--- Provided material Enclosed Below ---

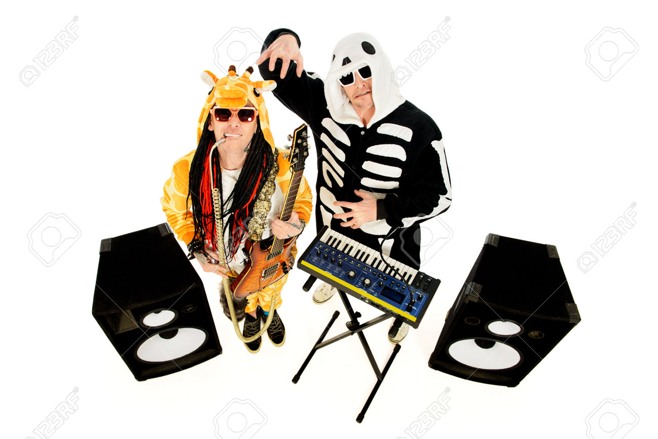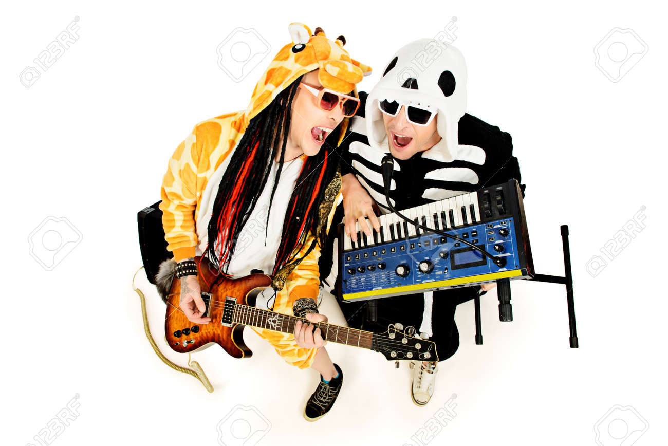 Banda De Rock En Trajes De Esqueleto Y La Jirafa Que Juega El Sintetizador Y La Guitarra Eléctrica Y Canto. Espectáculo De Música. Halloween. Aislado En Blanco. Fotos, retratos, imágenes y fotografía
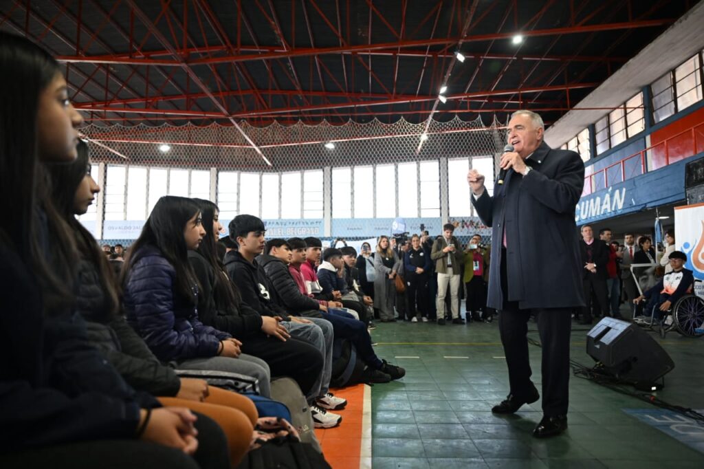 El gobernador, Osvaldo Jaldo, asistió al Complejo Belgrano donde miles de jóvenes tucumanos participan de las finales de los Juego Evitas provinciales.
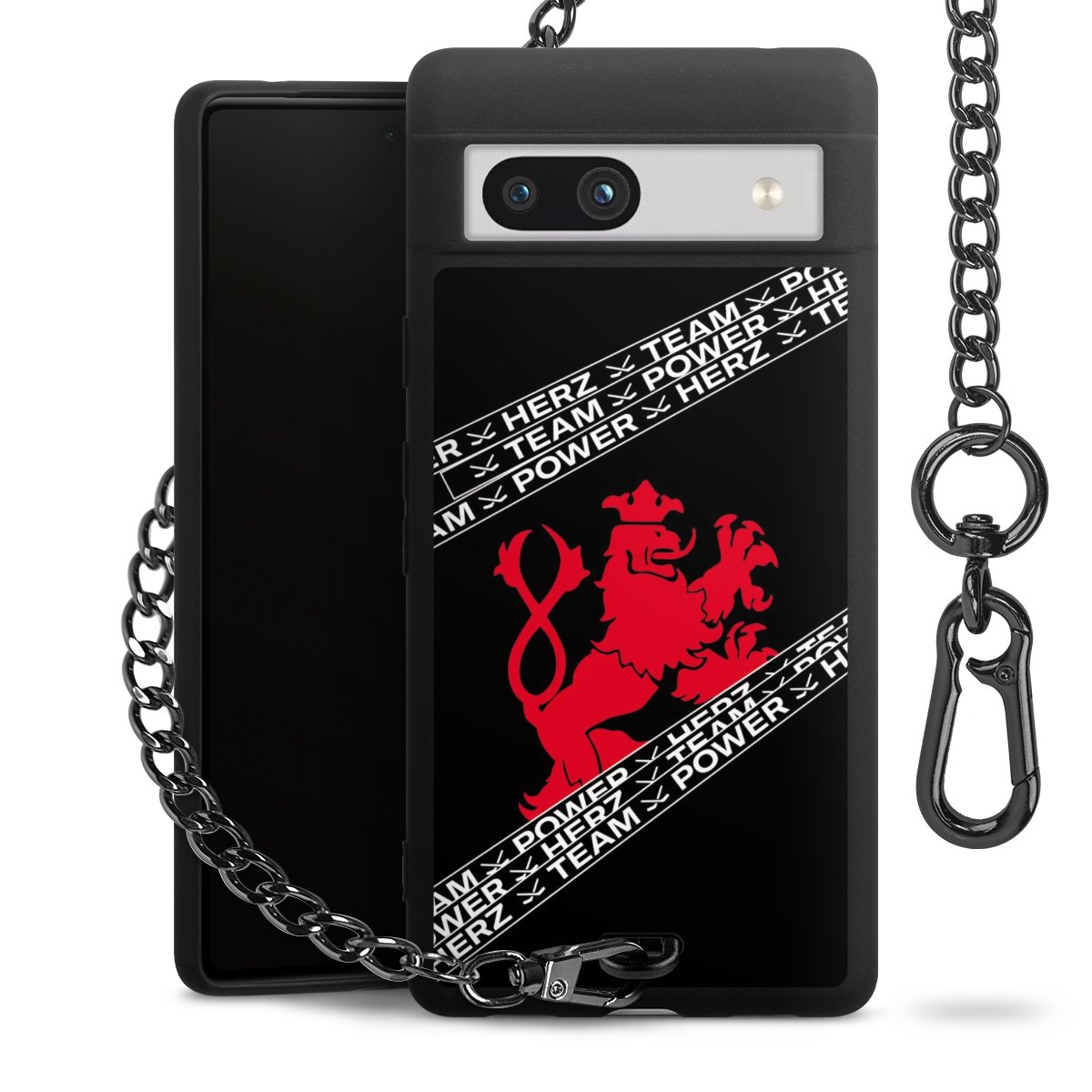 Die mattschwarze Silikon-Handyhülle besteht aus robustem TPU (thermoplastisches Polyurethan). Sie ist flexibel und schützt Dein Smartphone vor Stößen und Kratzern. Die Kette sowie der Karabinerhaken sind aus Metall in Gunmetal-Optik gefertigt. Für dieses Produkt kommen ausschließlich TÜV-geprüfte Materialien zum Einsatz.

--- End of Enclosed Provided material ---

In the data above, find the line with "El gobernador, Osvaldo" and repeat it and every line after it through the end, exactly; leave the pictures out.

 El gobernador, Osvaldo Jaldo, asistió al Complejo Belgrano donde miles de jóvenes tucumanos participan de las finales de los Juego Evitas provinciales.
 Die mattschwarze Silikon-Handyhülle besteht aus robustem TPU (thermoplastisches Polyurethan). Sie ist flexibel und schützt Dein Smartphone vor Stößen und Kratzern. Die Kette sowie der Karabinerhaken sind aus Metall in Gunmetal-Optik gefertigt. Für dieses Produkt kommen ausschließlich TÜV-geprüfte Materialien zum Einsatz.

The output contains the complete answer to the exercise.